The accelerated efforts for funds rebalancing to be expected within the country's banking system will possibly expose its hidden local debt risks at an earlier date. There have been concerns over its accumulated local debt risks since 2009. Due to strengthened efforts from the authorities to tighten bank loans since the start of 2012, many of the country's local financing platforms have begun to turn to trust loans and other financing forms in an attempt to borrow new money to pay off old debts, which has to some extent eased their debt-paying pressures.
However, the tightened flow of credit and trust funds to local financing platforms pushed by commercial banks following the recent liquidity crunch will inevitably aggravate short-term local debt risks.
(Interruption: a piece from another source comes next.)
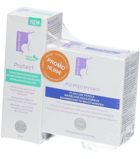 Multi-Mam® CompressesLes compresses Multi-Mam traitent les désagréments de l’allaitement tels que la douleur, le gonflement et la sensibilité des mamelons, avec un effet apaisant et refroidissant direct. Les compresses Multi-Mam forment un coussinet doux et confortable sur le mamelon douloureux. Le principe actif du produit est un gel d’origine végétale hydratant qui forme une barrière physique contre les bactéries nocives et favorise le processus naturel de guérison. Il n’est pas nécessaire de retirer le gel avant l’allaitement.Multi-Mam® Balsam ProtectMulti-Mam Balsam Protect est un baume végan pour mamelons principalement à base d’huiles et de graisses végétales qui protège les mamelons contre la sécheresse et les crevasses pendant l’allaitement. Grâce à sa texture douce et onctueuse, il est particulièrement facile à appliquer, même sur les peaux sensibles. Bien entendu, Multi Mam Balsam Protect est exempt de parfums et d’agents de conservation. Le baume ne nécessite pas d’être retiré avant l’allaitement et est testé dermatologiquement.BénéficesMulti-Mam® CompressesFavorise le processus naturel de guérison.Effet rafraîchissant et apaisant immédiat sur les mamelons douloureux.Améliore l’état de la peau et de la zone du mamelon.À base d’ingrédients naturelsIl n’est pas nécessaire de retirer le gel avant l’allaitement.Multi-Mam® Balsam Protect100% végétalienIngrédients 100% naturelsSans parfums ni conservateursPour restaurer la barrière cutanée naturelleApaise et protège les mamelons secs et craquelésIndicationMulti-Mam® CompressesTraitement des mamelons douloureuxMulti-Mam® Balsam ProtectApaise les mamelonsApplicationMulti-Mam® CompressesÀ quel moment utiliser la compresse Multi-Mam, avant ou après l’allaitement ?Nous vous recommandons d’utiliser la compresse Multi-Mam juste après l’allaitement : si elle est utilisée juste avant celui-ci, l’hydratation peut rendre la prise du sein plus difficile pour votre bébé.Combien de temps dois-je garder la compresse Multi-Mam sur ma poitrine ?Idéalement pendant 30 minutes ; mais au minimum 10 minutes et au maximum une heure.Combien de fois puis-je utiliser une compresse Multi-Mam ?Chaque compresse est à usage unique. Elle doit être jetée après usage pour des raisons d’hygiène.Si mon bébé avale une partie du gel des compresses Multi-Mam, cela peut-il être dangereux ?Non, le gel est sans danger pour votre bébé. Il n’est pas nécessaire d’enlever l’excédent de gel avant l’allaitement.Multi-Mam® Balsam ProtectDois-je retirer le Multi-Mam Balsam Protect avant l’allaitement ?Non, le Multi Mam Balsam Protect est inoffensif en cas d’ingestion et a un goût et une odeur neutres. Il est particulièrement recommandé d’appliquer le baume immédiatement après l’allaitement. S’il est appliqué juste avant l’allaitement, il peut rendre la prise du sein difficile pour votre bébé.À quelle fréquence devrais-je utiliser le Multi-Mam Balsam Protect ?Aussi souvent que vous le souhaitez. Nous recommandons d’appliquer le baume... ...

Due to their desire not to default on their debts borrowed via their financing vehicles for the sake of continuous financing in the future, local governments will possibly use some of their fiscal revenues to pay off debts, thus adding to their fiscal crisis.
The assets restructuring pushed by domestic commercial banks will negatively affect credit-driven real estate development and thus indirectly influence local fiscal revenue. A large-scale flow of funds to the property sector in recent years has continuously fueled the rise of property prices, benefiting both banks and developers. At the same time, the ever-bulging revenues from land sales and tax have also made local governments become the largest beneficiary of the real estate-dependent economic model.
The unavoidable deleverage for interbank financial and trust products following the recent liquidity crunch will inevitably reduce the funds for real estate development and thus dampen developers' enthusiasm for buying land, which will result in a decline in local land sales revenues. Money insufficiency will also foil local governments' hopes of utilizing an easy monetary policy to stimulate local economic growth and boost their fiscal revenues.
Compared with its flat purses, the country's fiscal spending has kept rocketing both at the central and local levels. In the first five months, outlays at the expense of public coffers amounted to 4.66 trillion yuan, a 13.2 percent increase from the same period last year, or 7.1 percentage points higher than the country's fiscal revenue growth.
Facing growing fiscal pressures in the context of a "money shortage" and financial and tax reforms, the government should realize that low fiscal revenue growth will be common in the future and that preparations should be made for fiscal austerity.
The government should further reduce its administrative costs and improve its administration efficiency through delegating more power to lower departments and promoting government restructuring to reduce interventions into microeconomic activities. The awareness that it should live within its fiscal capacity should be cultivated to avoid excessive spending.
Zhao Xiao is a professor with the School of Economics and Management, Beijing University of Science and Technology, and Chen Jinbao is an economics PhD at the school.